# Frank Frazetta



## BookStop (May 11, 2010)

Fantasy artist, Frank Frazetta, died yesterday.


Manager: Fantasy artist Frazetta, 82, dies in Fla.

Unofficial Frank Frazetta Fantasy Art Gallery


----------



## Wybren (May 11, 2010)

That is sad news indeed.


----------



## gully_foyle (May 11, 2010)

Very sad. I loved his work in my teen years.


----------



## Connavar (May 11, 2010)

Very sad news, i didnt know his art for many years but he was an amazing artist.


----------



## The Procrastinator (May 11, 2010)

Also very sad - also loved his work in my teens. The passing of an icon.


----------



## Starbeast (May 13, 2010)

*Frank Frazetta inspired me to become an artist*







​I will really miss him, he inspired me to become an artist. Rest in peace Frank.​


----------



## J Riff (May 18, 2010)

One of the greatest ever.


----------



## j d worthington (May 18, 2010)

Ah, yes, the Death Dealer... one of my favorite Frazettas. I hadn't heard about this, and I must admit I'm a bit in shock. Not that he was cut particularly short, but just from the hole this leaves for so many... as when Jack Kirby died, a true icon of the field is gone....


----------



## clovis-man (May 25, 2010)

Frazetta was a survivor. An earlier stroke left him with the inability to use his right hand for painting. So he trained himself to use his left and moved on. I still have cutouts from his early comic book hero opus, *Thun'da*.

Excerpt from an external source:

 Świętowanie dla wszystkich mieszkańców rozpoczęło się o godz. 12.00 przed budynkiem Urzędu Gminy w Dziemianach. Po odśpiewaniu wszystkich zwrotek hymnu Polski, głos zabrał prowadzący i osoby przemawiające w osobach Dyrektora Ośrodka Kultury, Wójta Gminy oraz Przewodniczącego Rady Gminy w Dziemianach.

http://1.bp.blogspot.com/_uKUJj9VMJ...(King+of+the+Lost+Lands)+-+Frank+Frazetta.JPG

The guy was amazing.


----------



## clovis-man (May 25, 2010)

Forgot to mention: There's a pretty good film about his life and work.

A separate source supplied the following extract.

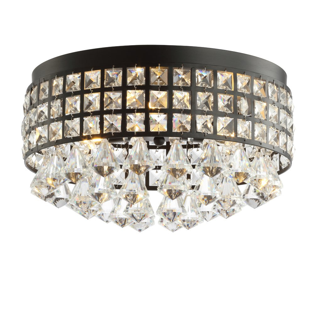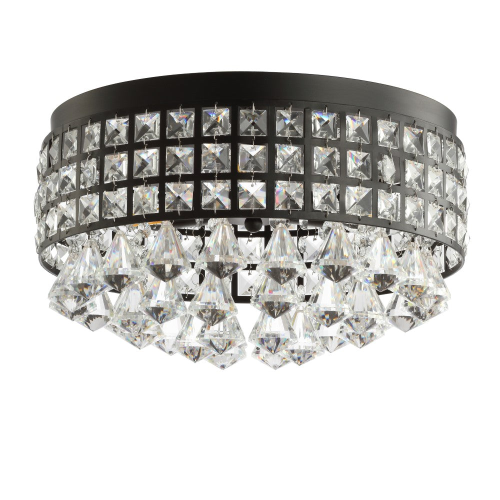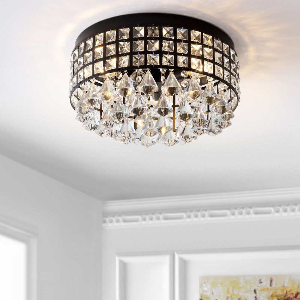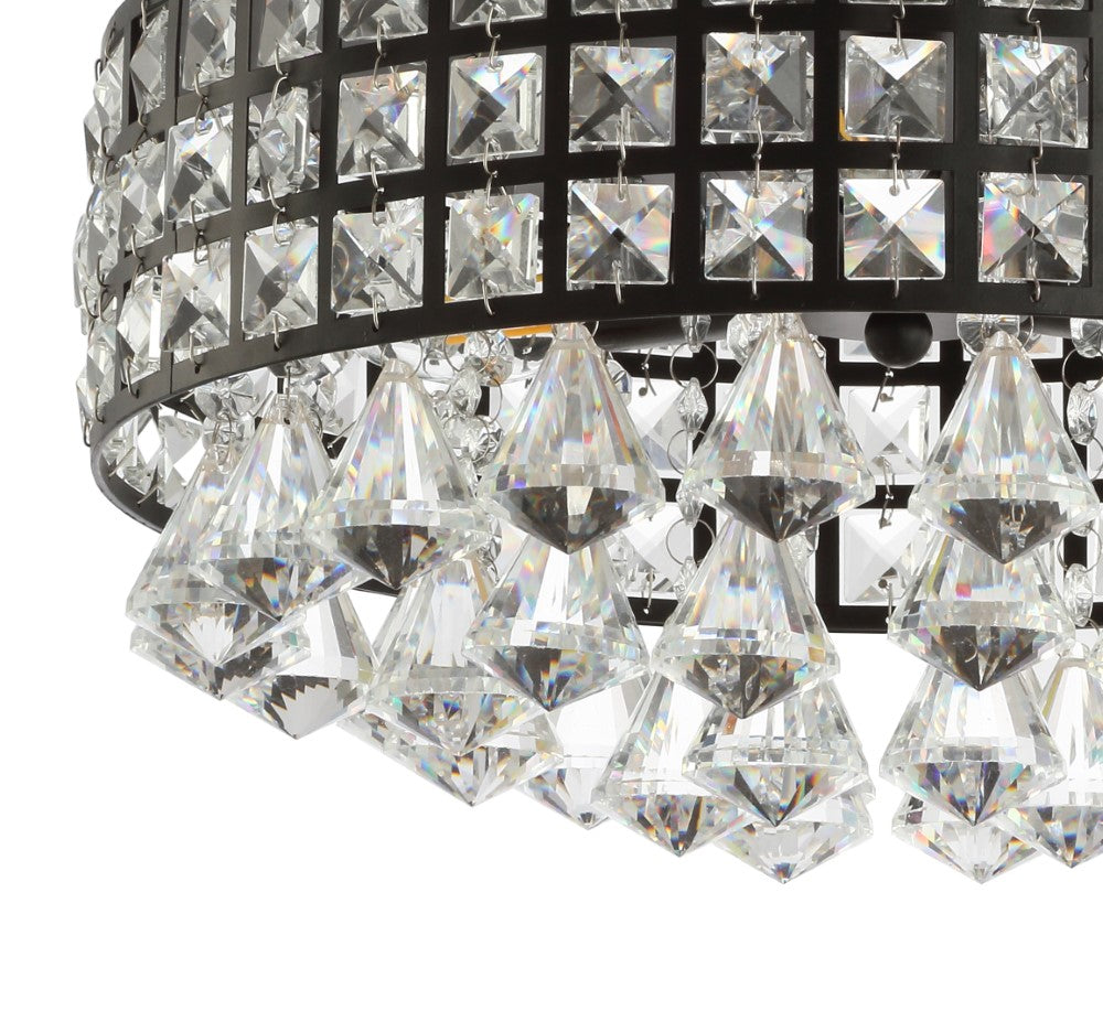 Add sparkle to your ceiling with our modern flush mount Meredith fixture. With faceted crystals set into a chic black metal grid and a collection of crystal drops, this unique light fixture adds a touch of glamour to your hallway, bedroom or bathroom. Perfect for low ceilings, the 8 5" height fits just about anywhere.

Frazetta: Painting with Fire (2003)


----------



## GOLLUM (May 25, 2010)

DAMN! Only read this now........

SIGH.....another true Great leaves us.


----------



## charlesartist (Aug 9, 2010)

I was saddened to hear this news a couple of months ago. Frazetta was not just an icon, he brought respectability to the entire genre of science fiction and fantasy literature. Before him, the genre was dismissed as silly fodder and sensationalism. Regardless of the cliche, a book often IS judged by its cover, and his artwork got many people that would otherwise pass on science fiction and fantasy to give it a chance.

Remarkably, he was a talented baseball athlete and when given the opportunity to choose between a life of major league athletics, and illustration, he chose the latter. I'm not the only one who is really glad he made that fateful decision.


----------